§ **Your goal**
Only the pictures are to be left out; set down the rest of the records exactly.

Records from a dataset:
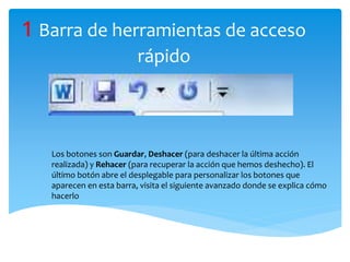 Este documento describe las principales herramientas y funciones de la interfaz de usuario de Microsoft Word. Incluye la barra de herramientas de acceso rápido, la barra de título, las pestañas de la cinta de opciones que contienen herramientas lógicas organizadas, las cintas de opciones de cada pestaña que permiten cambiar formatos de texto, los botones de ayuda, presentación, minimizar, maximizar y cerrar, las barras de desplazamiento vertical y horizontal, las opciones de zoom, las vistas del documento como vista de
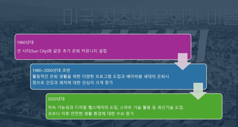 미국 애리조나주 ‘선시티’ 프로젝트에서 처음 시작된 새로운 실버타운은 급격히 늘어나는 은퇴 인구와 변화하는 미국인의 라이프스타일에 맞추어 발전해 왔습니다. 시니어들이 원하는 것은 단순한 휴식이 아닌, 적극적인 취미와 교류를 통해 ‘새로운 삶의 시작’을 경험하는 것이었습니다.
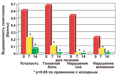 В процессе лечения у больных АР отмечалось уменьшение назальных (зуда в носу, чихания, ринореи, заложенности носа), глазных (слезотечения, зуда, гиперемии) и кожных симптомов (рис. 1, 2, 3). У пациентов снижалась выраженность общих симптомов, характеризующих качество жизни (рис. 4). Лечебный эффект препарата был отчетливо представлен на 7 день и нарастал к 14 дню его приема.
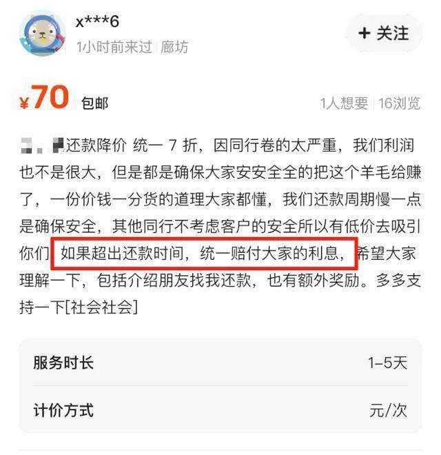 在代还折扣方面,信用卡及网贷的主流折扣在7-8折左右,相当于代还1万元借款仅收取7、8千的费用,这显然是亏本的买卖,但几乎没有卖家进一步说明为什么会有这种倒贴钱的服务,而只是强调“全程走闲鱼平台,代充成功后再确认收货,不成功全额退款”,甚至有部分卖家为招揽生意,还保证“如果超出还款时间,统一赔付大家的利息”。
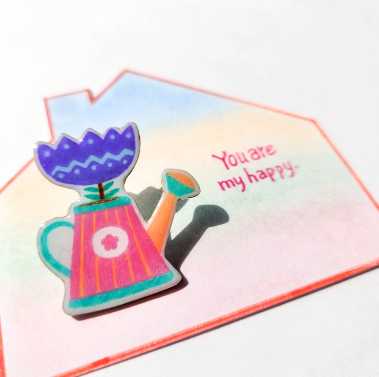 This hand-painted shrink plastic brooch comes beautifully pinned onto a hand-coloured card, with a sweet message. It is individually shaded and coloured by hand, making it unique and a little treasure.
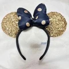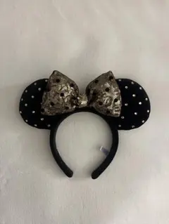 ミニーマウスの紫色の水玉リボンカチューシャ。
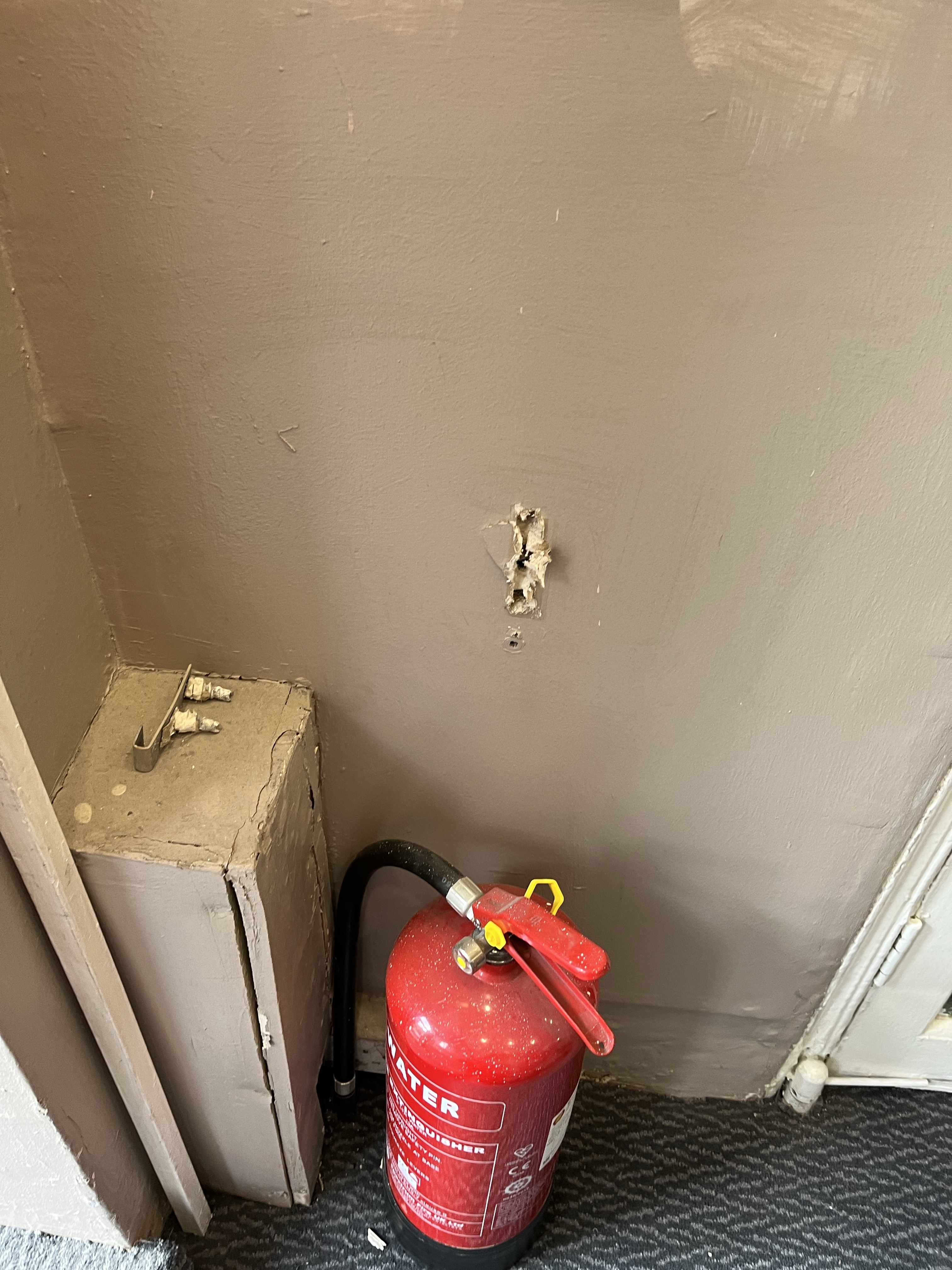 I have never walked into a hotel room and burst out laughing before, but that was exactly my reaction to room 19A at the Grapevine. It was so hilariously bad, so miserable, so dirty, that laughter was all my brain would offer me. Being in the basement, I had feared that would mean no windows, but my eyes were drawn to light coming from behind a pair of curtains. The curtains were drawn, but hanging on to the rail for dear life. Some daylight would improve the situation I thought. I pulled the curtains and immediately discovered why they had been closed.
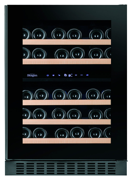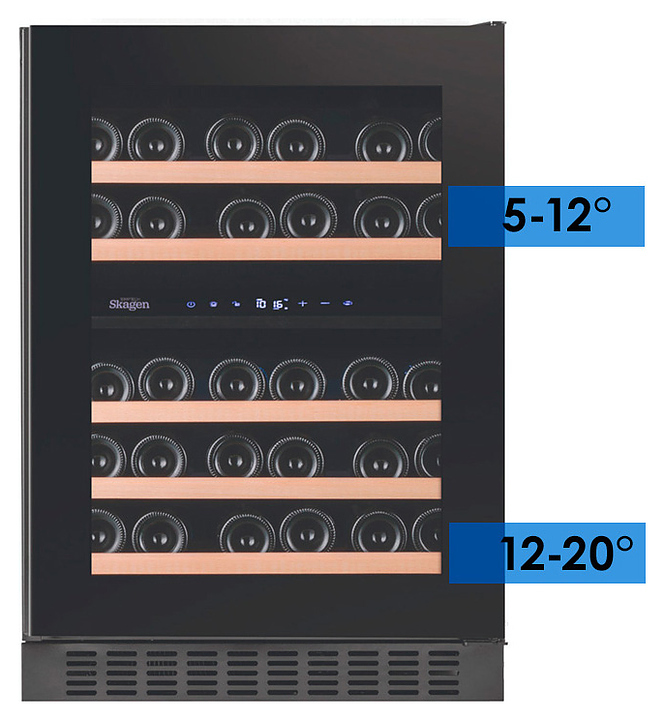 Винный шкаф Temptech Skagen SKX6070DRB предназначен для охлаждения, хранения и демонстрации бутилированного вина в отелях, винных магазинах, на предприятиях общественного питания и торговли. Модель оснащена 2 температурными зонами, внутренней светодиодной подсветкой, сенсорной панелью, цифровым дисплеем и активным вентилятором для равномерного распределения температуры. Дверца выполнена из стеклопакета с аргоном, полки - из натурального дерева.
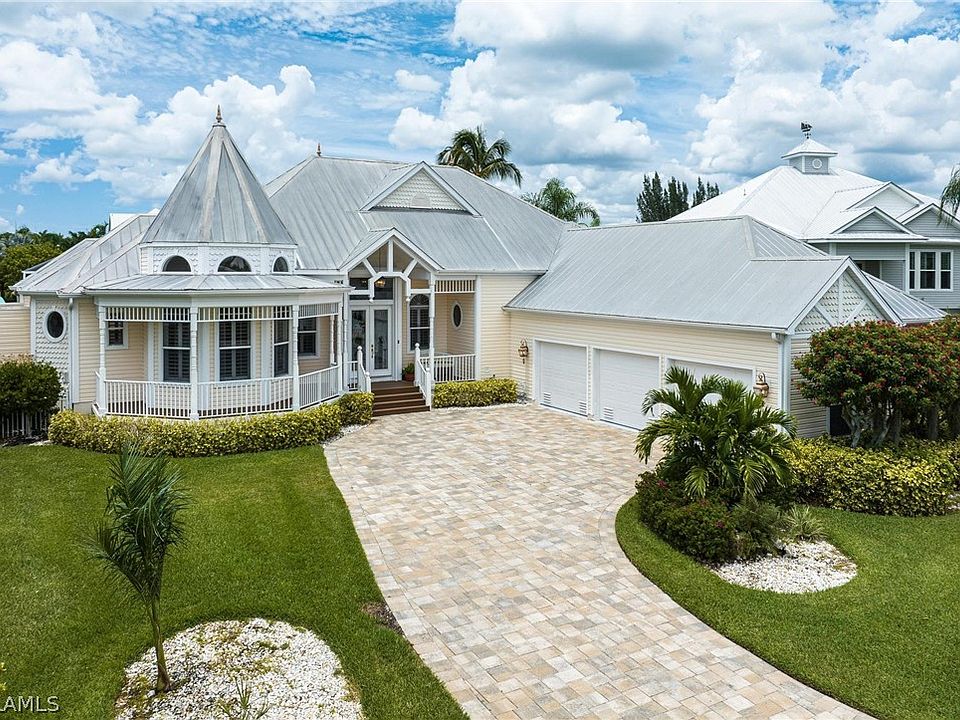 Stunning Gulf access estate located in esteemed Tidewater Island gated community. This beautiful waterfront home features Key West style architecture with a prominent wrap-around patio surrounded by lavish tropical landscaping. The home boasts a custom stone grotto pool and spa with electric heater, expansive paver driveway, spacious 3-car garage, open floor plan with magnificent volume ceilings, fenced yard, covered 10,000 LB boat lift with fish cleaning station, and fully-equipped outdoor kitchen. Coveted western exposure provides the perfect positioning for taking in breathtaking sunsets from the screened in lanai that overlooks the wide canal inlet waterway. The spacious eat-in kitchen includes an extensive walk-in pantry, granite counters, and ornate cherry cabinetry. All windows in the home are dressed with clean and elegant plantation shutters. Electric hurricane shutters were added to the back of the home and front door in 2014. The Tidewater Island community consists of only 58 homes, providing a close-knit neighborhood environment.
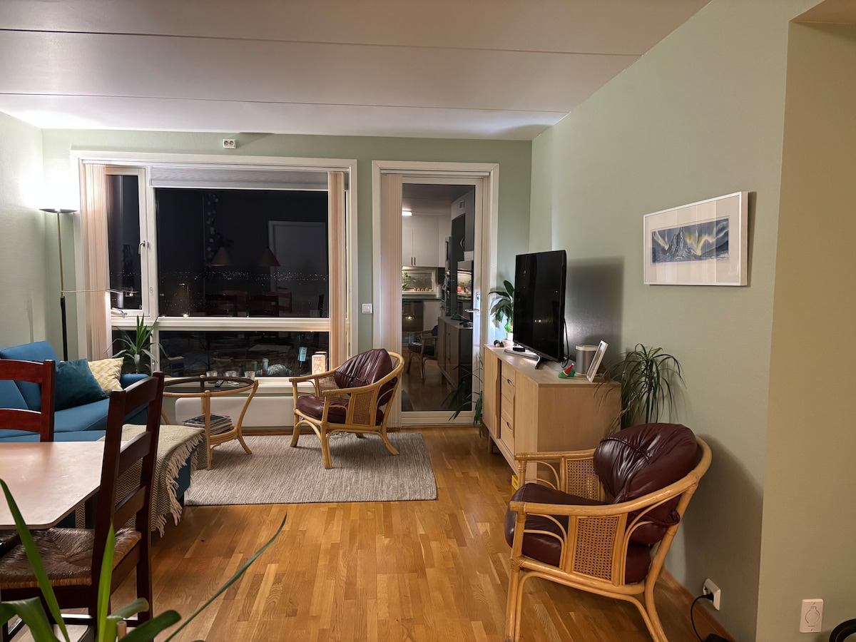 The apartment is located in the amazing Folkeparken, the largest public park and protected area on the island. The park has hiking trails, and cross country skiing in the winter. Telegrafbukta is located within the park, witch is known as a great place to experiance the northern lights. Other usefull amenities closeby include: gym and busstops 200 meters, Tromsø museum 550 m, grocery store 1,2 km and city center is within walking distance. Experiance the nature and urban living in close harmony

§ **Result of the exercise**
 Este documento describe las principales herramientas y funciones de la interfaz de usuario de Microsoft Word. Incluye la barra de herramientas de acceso rápido, la barra de título, las pestañas de la cinta de opciones que contienen herramientas lógicas organizadas, las cintas de opciones de cada pestaña que permiten cambiar formatos de texto, los botones de ayuda, presentación, minimizar, maximizar y cerrar, las barras de desplazamiento vertical y horizontal, las opciones de zoom, las vistas del documento como vista de
 미국 애리조나주 ‘선시티’ 프로젝트에서 처음 시작된 새로운 실버타운은 급격히 늘어나는 은퇴 인구와 변화하는 미국인의 라이프스타일에 맞추어 발전해 왔습니다. 시니어들이 원하는 것은 단순한 휴식이 아닌, 적극적인 취미와 교류를 통해 ‘새로운 삶의 시작’을 경험하는 것이었습니다.
 В процессе лечения у больных АР отмечалось уменьшение назальных (зуда в носу, чихания, ринореи, заложенности носа), глазных (слезотечения, зуда, гиперемии) и кожных симптомов (рис. 1, 2, 3). У пациентов снижалась выраженность общих симптомов, характеризующих качество жизни (рис. 4). Лечебный эффект препарата был отчетливо представлен на 7 день и нарастал к 14 дню его приема.
 在代还折扣方面,信用卡及网贷的主流折扣在7-8折左右,相当于代还1万元借款仅收取7、8千的费用,这显然是亏本的买卖,但几乎没有卖家进一步说明为什么会有这种倒贴钱的服务,而只是强调“全程走闲鱼平台,代充成功后再确认收货,不成功全额退款”,甚至有部分卖家为招揽生意,还保证“如果超出还款时间,统一赔付大家的利息”。
 This hand-painted shrink plastic brooch comes beautifully pinned onto a hand-coloured card, with a sweet message. It is individually shaded and coloured by hand, making it unique and a little treasure.
 ミニーマウスの紫色の水玉リボンカチューシャ。
 I have never walked into a hotel room and burst out laughing before, but that was exactly my reaction to room 19A at the Grapevine. It was so hilariously bad, so miserable, so dirty, that laughter was all my brain would offer me. Being in the basement, I had feared that would mean no windows, but my eyes were drawn to light coming from behind a pair of curtains. The curtains were drawn, but hanging on to the rail for dear life. Some daylight would improve the situation I thought. I pulled the curtains and immediately discovered why they had been closed.
 Винный шкаф Temptech Skagen SKX6070DRB предназначен для охлаждения, хранения и демонстрации бутилированного вина в отелях, винных магазинах, на предприятиях общественного питания и торговли. Модель оснащена 2 температурными зонами, внутренней светодиодной подсветкой, сенсорной панелью, цифровым дисплеем и активным вентилятором для равномерного распределения температуры. Дверца выполнена из стеклопакета с аргоном, полки - из натурального дерева.
 Stunning Gulf access estate located in esteemed Tidewater Island gated community. This beautiful waterfront home features Key West style architecture with a prominent wrap-around patio surrounded by lavish tropical landscaping. The home boasts a custom stone grotto pool and spa with electric heater, expansive paver driveway, spacious 3-car garage, open floor plan with magnificent volume ceilings, fenced yard, covered 10,000 LB boat lift with fish cleaning station, and fully-equipped outdoor kitchen. Coveted western exposure provides the perfect positioning for taking in breathtaking sunsets from the screened in lanai that overlooks the wide canal inlet waterway. The spacious eat-in kitchen includes an extensive walk-in pantry, granite counters, and ornate cherry cabinetry. All windows in the home are dressed with clean and elegant plantation shutters. Electric hurricane shutters were added to the back of the home and front door in 2014. The Tidewater Island community consists of only 58 homes, providing a close-knit neighborhood environment.
 The apartment is located in the amazing Folkeparken, the largest public park and protected area on the island. The park has hiking trails, and cross country skiing in the winter. Telegrafbukta is located within the park, witch is known as a great place to experiance the northern lights. Other usefull amenities closeby include: gym and busstops 200 meters, Tromsø museum 550 m, grocery store 1,2 km and city center is within walking distance. Experiance the nature and urban living in close harmony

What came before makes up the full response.